_Exercise input_.
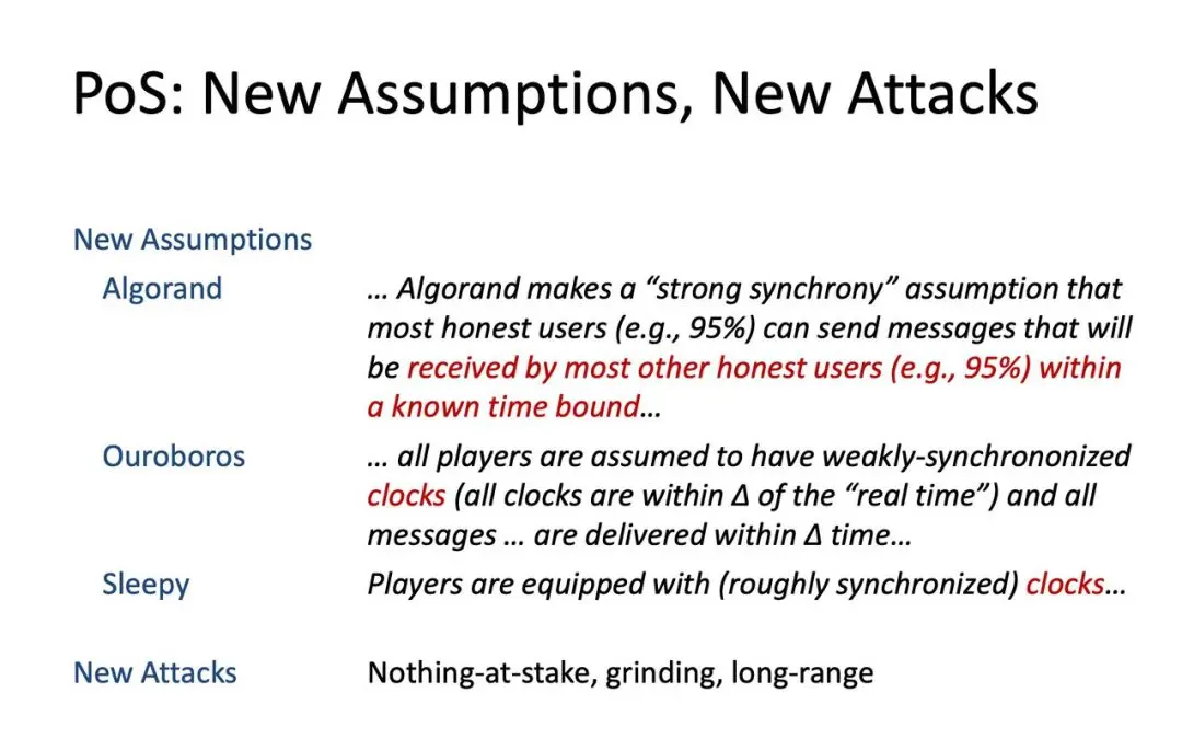 首先是 PoS,实际上所有的 PoS 协议引入了新的安全前提。拿 Algorand 举例来说,它要求大部分诚实用户发送的消息能够被大部分其他诚实用户在一个已知的时间范围内里面接收到。这意味着当你持有 Algorand 的 Token 时,根据协议最初的设计你需要时刻保持在线来接收消息。如果你不在线你就不是一个合格的 Token 持有者。
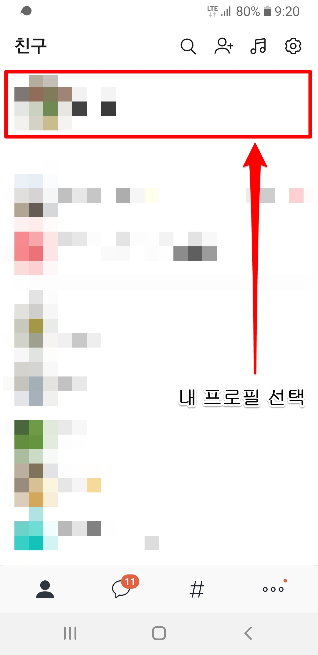1. 카톡 생일 비공개를 하려면 가장 먼저 카톡 친구 창으로 들어와서 상단에 있는 내 프로필을 눌러줍니다.
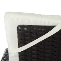 - Outdoor Recliner Chairs: Our front porch furniture set features two wicker chairs with plush soft cushions. The backrests are high-and-tall, reclining back to a more comfortable angle. The backrest cushions strap in place so they won’t slip off, and their button tufted, to be easy on the eyes too. Also, you can remove the seat cushion covers to clean them, so there will be no crying over spilled milk.
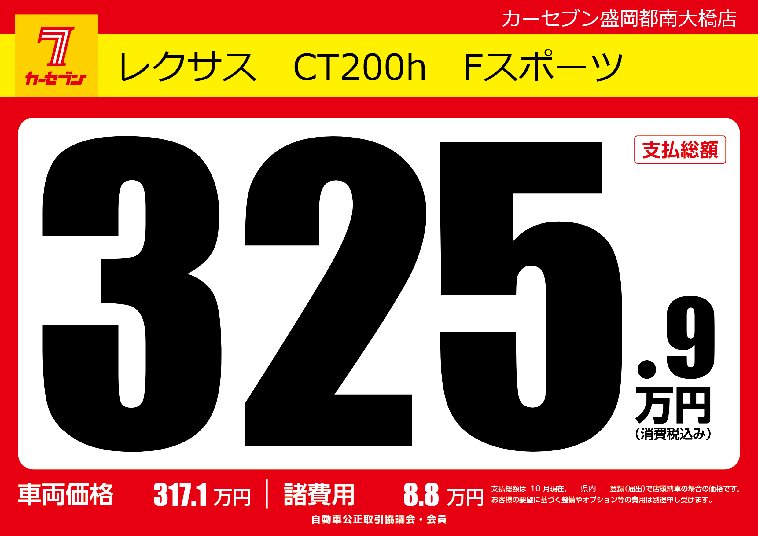 | 車名 | レクサス CT200h Fスポーツ | グレード ミッション 排気量 |
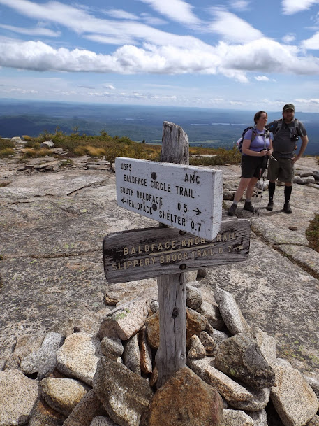 From the Baldface Knob/Baldface Circle Trail junction, Greg and Desi take in the views and check out the climb to come.
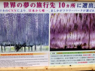 アメリカCNNによる「世界で行ってみたい旅行先10か所」に日本で唯一選ばれただけあって、これでもか、これでもかという位、たくさんのいろいろな種類の藤の花が見られました。
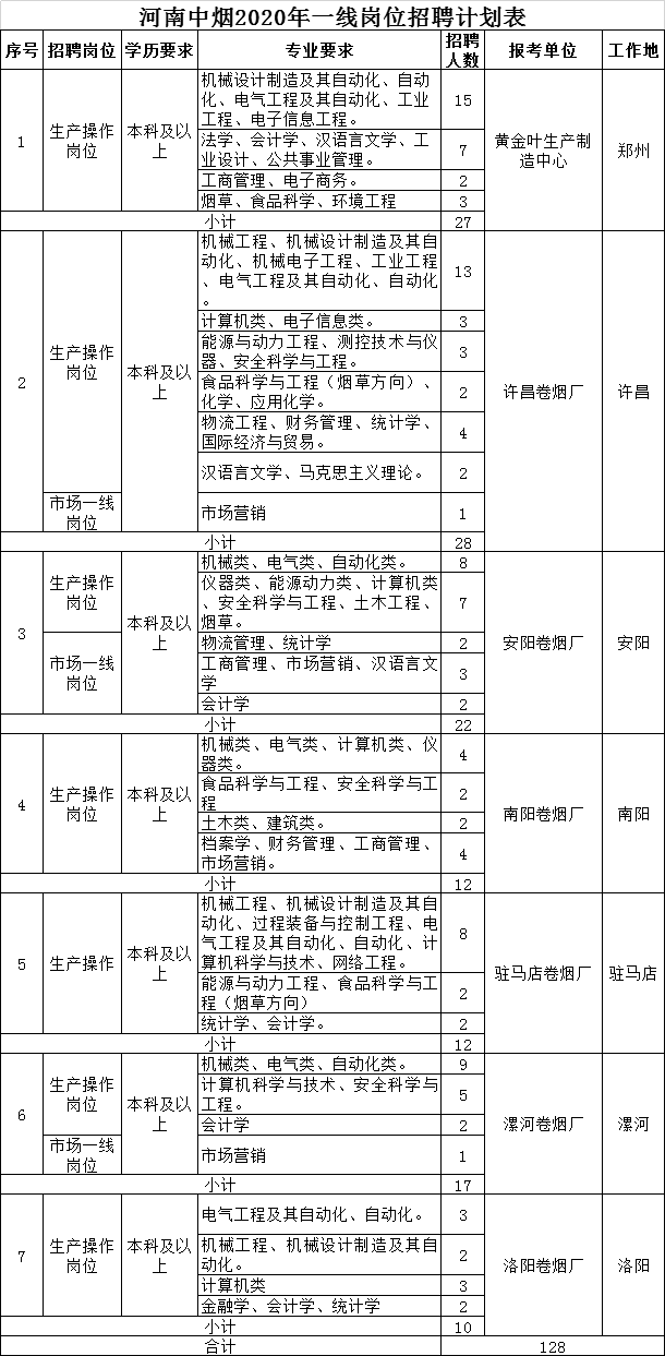 招聘单位、岗位、人数、专业及学历要求见附件《河南中烟2020年一线岗位招聘计划表》(附表1)。
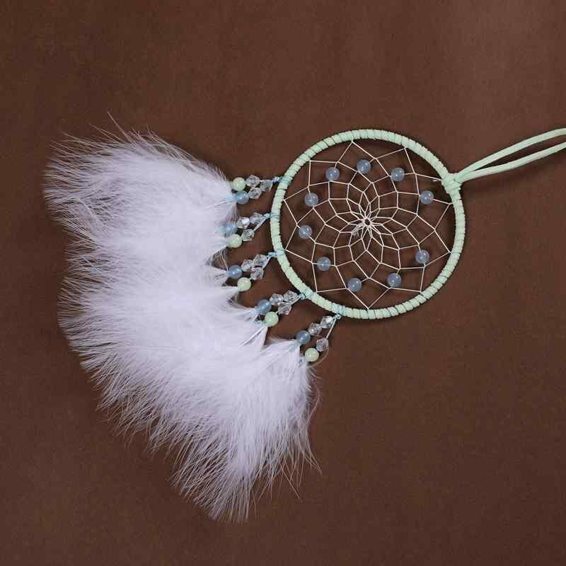 ドリームキャッチャー 車載用 羽毛 吊り下げ飾り カーアクセサリー 手作り ハンドメイド フォレストグリーン 深緑 おしゃれ かわいい お守り 幸運アイテム 車内装飾
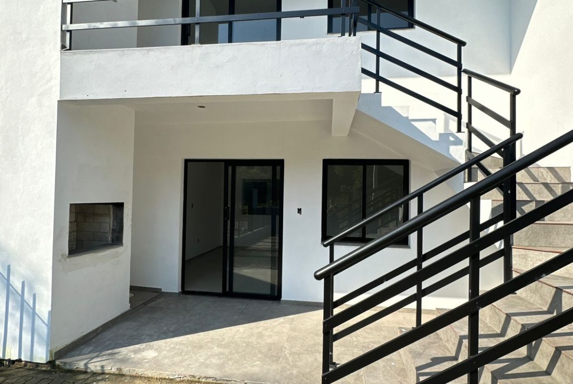 Espaçosa área na frente com churrasqueira.
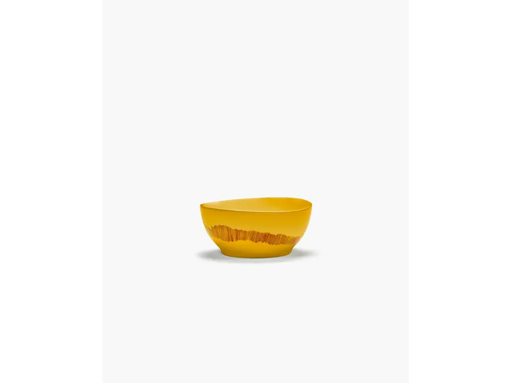 Account aanmakencollectie Feast tableware van Ottolenghi : Dit bord van aardewerk weerspiegelt met zijn zonnige gele kleur en rode penseelstreken de positieve sfeer waar de Feast collectie om bekend staat. Deze kommetjes zijn in verschillende maten en designs beschikbaar en vormen een eclectisch geheel.

_Work to be completed_. Write out the data exactly, and exclude every picture it holds.

_Answer to this problem_.
 首先是 PoS,实际上所有的 PoS 协议引入了新的安全前提。拿 Algorand 举例来说,它要求大部分诚实用户发送的消息能够被大部分其他诚实用户在一个已知的时间范围内里面接收到。这意味着当你持有 Algorand 的 Token 时,根据协议最初的设计你需要时刻保持在线来接收消息。如果你不在线你就不是一个合格的 Token 持有者。
1. 카톡 생일 비공개를 하려면 가장 먼저 카톡 친구 창으로 들어와서 상단에 있는 내 프로필을 눌러줍니다.
 - Outdoor Recliner Chairs: Our front porch furniture set features two wicker chairs with plush soft cushions. The backrests are high-and-tall, reclining back to a more comfortable angle. The backrest cushions strap in place so they won’t slip off, and their button tufted, to be easy on the eyes too. Also, you can remove the seat cushion covers to clean them, so there will be no crying over spilled milk.
 | 車名 | レクサス CT200h Fスポーツ | グレード ミッション 排気量 |
 From the Baldface Knob/Baldface Circle Trail junction, Greg and Desi take in the views and check out the climb to come.
 アメリカCNNによる「世界で行ってみたい旅行先10か所」に日本で唯一選ばれただけあって、これでもか、これでもかという位、たくさんのいろいろな種類の藤の花が見られました。
 招聘单位、岗位、人数、专业及学历要求见附件《河南中烟2020年一线岗位招聘计划表》(附表1)。
 ドリームキャッチャー 車載用 羽毛 吊り下げ飾り カーアクセサリー 手作り ハンドメイド フォレストグリーン 深緑 おしゃれ かわいい お守り 幸運アイテム 車内装飾
 Espaçosa área na frente com churrasqueira.
 Account aanmakencollectie Feast tableware van Ottolenghi : Dit bord van aardewerk weerspiegelt met zijn zonnige gele kleur en rode penseelstreken de positieve sfeer waar de Feast collectie om bekend staat. Deze kommetjes zijn in verschillende maten en designs beschikbaar en vormen een eclectisch geheel.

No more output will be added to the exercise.